その理由は彼女の指に光る一つの指輪。提督と結ばれた証である。

 

「……ふふ」

 

指輪を見ながら瑞鶴はその時のことを思い出す。

自分のミスでケッコン届を持ち出してしまったこと。

それをこっそり返そうとして大ポカをやらかしたこと。

そしてなんやかんやで提督からプロポーズされたこと。

 

当時は恥ずかしく思いだすたびにベットの上で悶えていたが、今となっては全ていい思い出だ。

 

「……よし!」

 

過去を懐かしみながら執務室のドアノブに手を掛ける。

 

この扉の先にはいつも通り提督がいる。そのことを幸せに感じながら瑞鶴はドアを開け――

 

「提督さん、おはよっ!今日も一緒に頑張……って、あれ?」

 

ドアを開けて現れた執務室。しかしそこにはいるはずの提督がいなかった。

 

「……提督さーん?いないの?」

 

オフになっていた電灯をつけ中を見るも、執務室の中には誰もいない。

 

(……提督さん寝坊したのかな?珍しい)

 

少なくとも瑞鶴が秘書艦になってから――つまりこの鎮守府の最初期から――提督が秘書艦よりも遅く執務室に来ることは一度も無かった。

 

(そっか、提督さんが寝坊したんだ。
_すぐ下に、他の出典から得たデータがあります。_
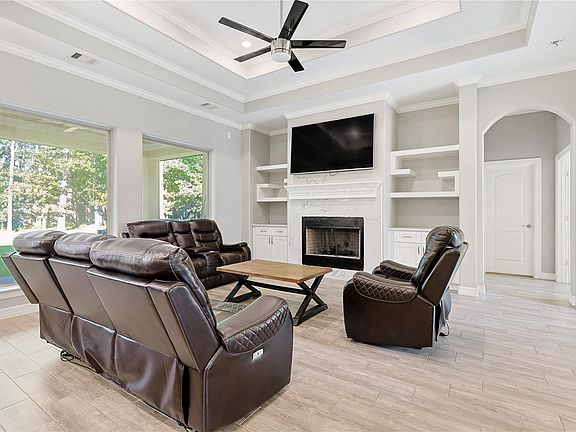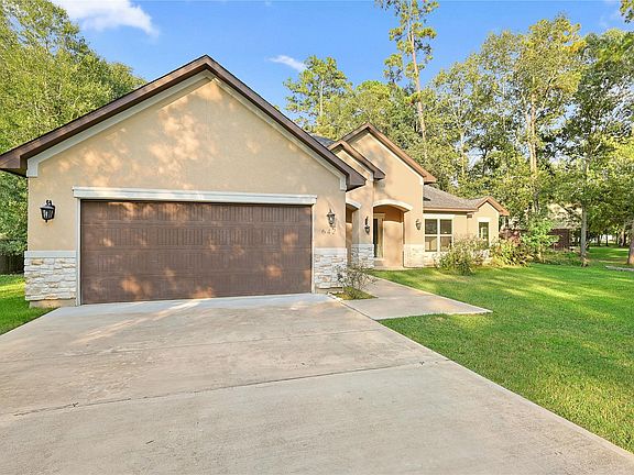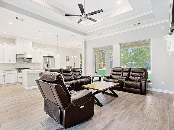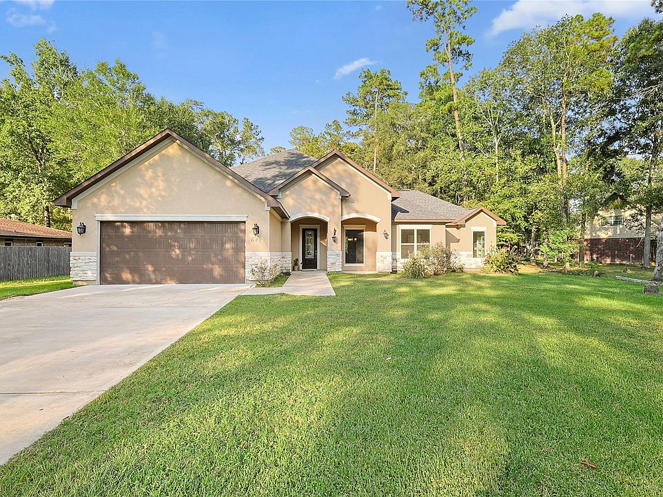Located in Roman Forest and just shy of 1/2 acre.Custom designed 4bed/2bth/2 car single-story home with modern comfort, style, and functionality on a spacious tree-lined lot. The inviting exterior features stucco and stone accents, an oversized two-car garage, and a welcoming covered entry. Inside, the open-concept layout boasts soaring tray ceilings, abundant natural light, and a living room centered around a cozy fireplace with custom built-ins. The gourmet kitchen is a chef’s dream with quartz countertops, a large island, stainless steel appliances, ZLINE gas range with pot filler, double ovens, and ample cabinetry. A bright dining nook and seamless flow to the living space make entertaining effortless. The primary suite is a peaceful retreat with spa-inspired finishes, while secondary bedrooms are generously sized. Outdoors, enjoy a covered patio and expansive backyard with endless possibilities for a pool, garden and play area—all just minutes from shopping, dining, and more.
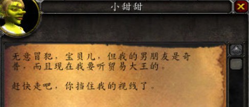 其实,这种状态存在于任何地方、任何种族,只不过地精一族把它发挥到了极致,所以对于这种情况我是早有心理准备的,但是对于你的“背叛”,向奇普这个**才投怀送抱,我当时的确愤恨不已,请相信那是出于一个男人应有的尊严。
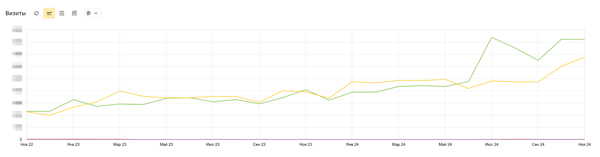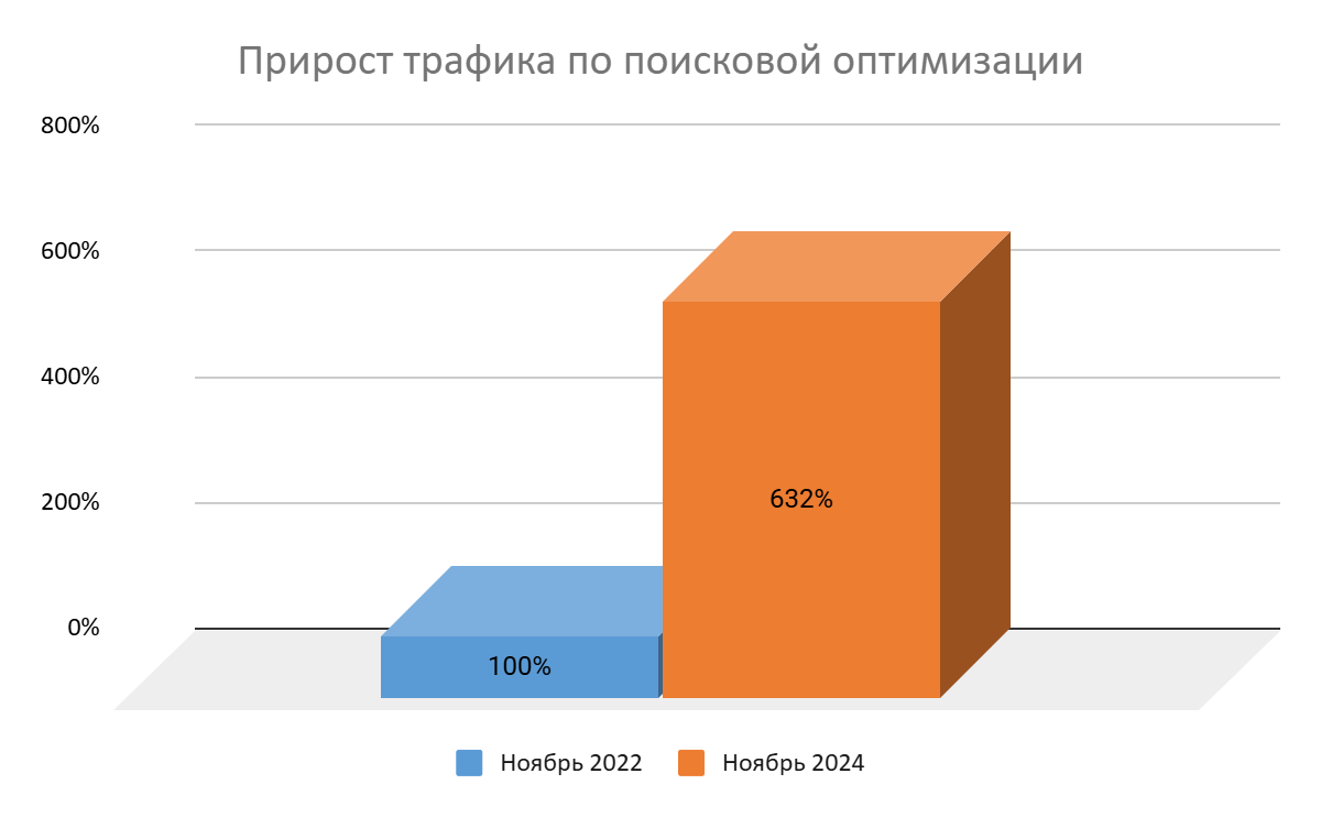 Трафик из поисковых систем за два года (с ноября 2022 года по ноябрь 2024 года) вырос на 532% —более чем в шесть раз без брендовых запросов.

ふーん……)

 

今まで遅刻すらしたことなかった提督が寝坊。

その普段からはあり得ない、少し非日常的な出来事が瑞鶴の悪戯心をくすぐった。

 

「……よっし!」

 

景気づけに一声出した瑞鶴は意気揚々と執務室を後にする。

向かう先は提督の部屋、

つまりは寝起きドッキリ大作戦である。

 

 

 

そして数分後。

 

「提督さーん、起きてるー?」

 

コンコンコンとドアを叩く、しかし中から返事は無い。

 

(本当に寝坊してるっぽい)

 

ドアノブを回そうとしても鍵がかかっていてドアは開かない。

そうなると部屋に入る方法は無いのだが――瑞鶴には一つだけ手があった。

 

「…………初めて使うのがこんな時なのは少し納得がいかないけど!」

 

そう言って取り出したのは一個の鍵。

何を隠そうこれは提督の私室の合いカギである。

 

――ことの発端はケッコン直後。

まだお互いを意識して微妙に気まずかったその時に、提督は瑞鶴にこれを差し出した。

 

『……瑞鶴さん、これを』

 

『ん?提督さん、これ何の鍵?』

 

『私の部屋の合鍵です』

 

『ふーん。…………え?』

 

『……いつか使う時が来ると思うので』

 

『え?え?…………え?』

 

『そ、それでは』

 

『ちょ、ちょっと待って提督さん!?これってその……!』

 

混乱する瑞鶴を尻目に提督はそそくさと去っていった。

 

結局のところ提督がどういう意味で合鍵を渡したのか、それは未だに不明である。

単に信頼の証として渡したのか。

妻となった瑞鶴といる時間を少しでも長くするために渡したのか。

 

――それとも夜戦的な意味合いで渡したのか。

 

「っ!」

 

その時を思い出して少し顔が熱くなる。

瑞鶴だってもちろんそういうことを想像しなかった訳ではない……ただ使う機会と聞く機会が巡ってこなかっただけだ。

ただ今はその想像は必要ない。そう自分に言い聞かせて考えるのを辞めようとするも、こういう妄想はそういう時こそムクムクと膨れ上がる。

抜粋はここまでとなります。